The paper adds that the study is useful in showing that “on a high-stakes credentialing examination same-form examinees do not benefit so long as they don’t know they’ll be encountering the same items again”.
OCR’s research also drew upon a 2008 Ofqual study of question predictability, based on analysis of GCSE and A level exams.
It found that for some subjects, for example A level English literature, “predictability does not necessarily make an examination easier”, because it “produced many answers which were little more than regurgitations of prepared material”.
And for A level psychology, the Ofqual paper found that in some questions “candidates simply repeated the taught material, once again illustrating the point that generally predictable examinations often hinder rather than improve candidates’ responses”.
A further 2020 Ofqual study on question paper predictability found that exam questions should have a “sufficient” amount of predictability and made a “distinction between ‘good’ and ‘bad’ predictability”.
”‘Bad’ predictability is when qualifications are structured in such a way that teachers and students can work out, pretty reliably, what the questions on a future examination paper are going to be about,” Ofqual concluded.
‘Predictability is not always negative’
But they added, “predictability is not always negative and some level of familiarity or predictability is ‘good’”.

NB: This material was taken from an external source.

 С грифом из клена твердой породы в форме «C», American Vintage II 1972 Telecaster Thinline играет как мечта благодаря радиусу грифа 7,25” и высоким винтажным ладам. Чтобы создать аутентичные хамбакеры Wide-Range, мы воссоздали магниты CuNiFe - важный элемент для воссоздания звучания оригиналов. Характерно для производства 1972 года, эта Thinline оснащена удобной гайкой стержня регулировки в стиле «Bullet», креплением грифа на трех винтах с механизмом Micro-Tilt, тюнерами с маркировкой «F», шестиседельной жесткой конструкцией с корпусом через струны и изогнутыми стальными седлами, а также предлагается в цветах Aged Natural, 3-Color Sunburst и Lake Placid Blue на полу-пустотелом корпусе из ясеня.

The OCR spokesperson added: “It’s worth remembering that student performance on questions from past papers (whether seen or unseen) will be only part of the evidence used this summer to determine teacher assessed grades (some schools may not use the assessment materials at all as use is optional).”
When Tes reported that past papers would be used as part of the grading process for GCSE and A level students this year in February, sources close to the discussions said this raised the prospect of students simply learning stock answers to past paper questions by rote, rather than studying the syllabus.
And last week, when exam boards released assessment materials for GCSE and A level grades, teachers condemned them as “shocking” because of their reliance on past papers, raising concerns that students would be able to learn stock A* answers by rote.
One teacher pointed out that as specifications are “only a couple of years’ old, there’s only about three to four papers in existence for each subject anyway.
‘They will prep the hell out of those few questions’
“It narrows the question range hugely,” they said, adding that in a cohort of able pupils they taught “they will prep the hell out of those few questions and smash them. They will all get A or A*”.
Guidance from the Joint Council for Qualifications on how teachers should approach this year’s grading states that: “It is understood that students may have seen some material previously.
“The purpose of any materials should be considered before they are included in the range of evidence. It would be inappropriate to advise students on the content of any up-coming assessment.
“If a student has recently completed a particular activity there may be little benefit to them completing the same or a very similar activity again.”
An Ofqual spokesperson said: “We expect teachers to use multiple sources of evidence to arrive at a grade, and to use their professional judgement.
“Externally set tasks are optional and just one of the many sources of evidence which will be used by teachers. A wide range of questions will be made available by exam boards so while students will have access to them all in advance, they will not know which ones if any (as the use of exam board materials is optional) their school or college will use.”
“We would expect a teacher confronted with evidence from classwork that gives one view of a student’s performance and evidence from the external tasks that gives a very different view to explore further which is likely to best represent their true level of attainment.”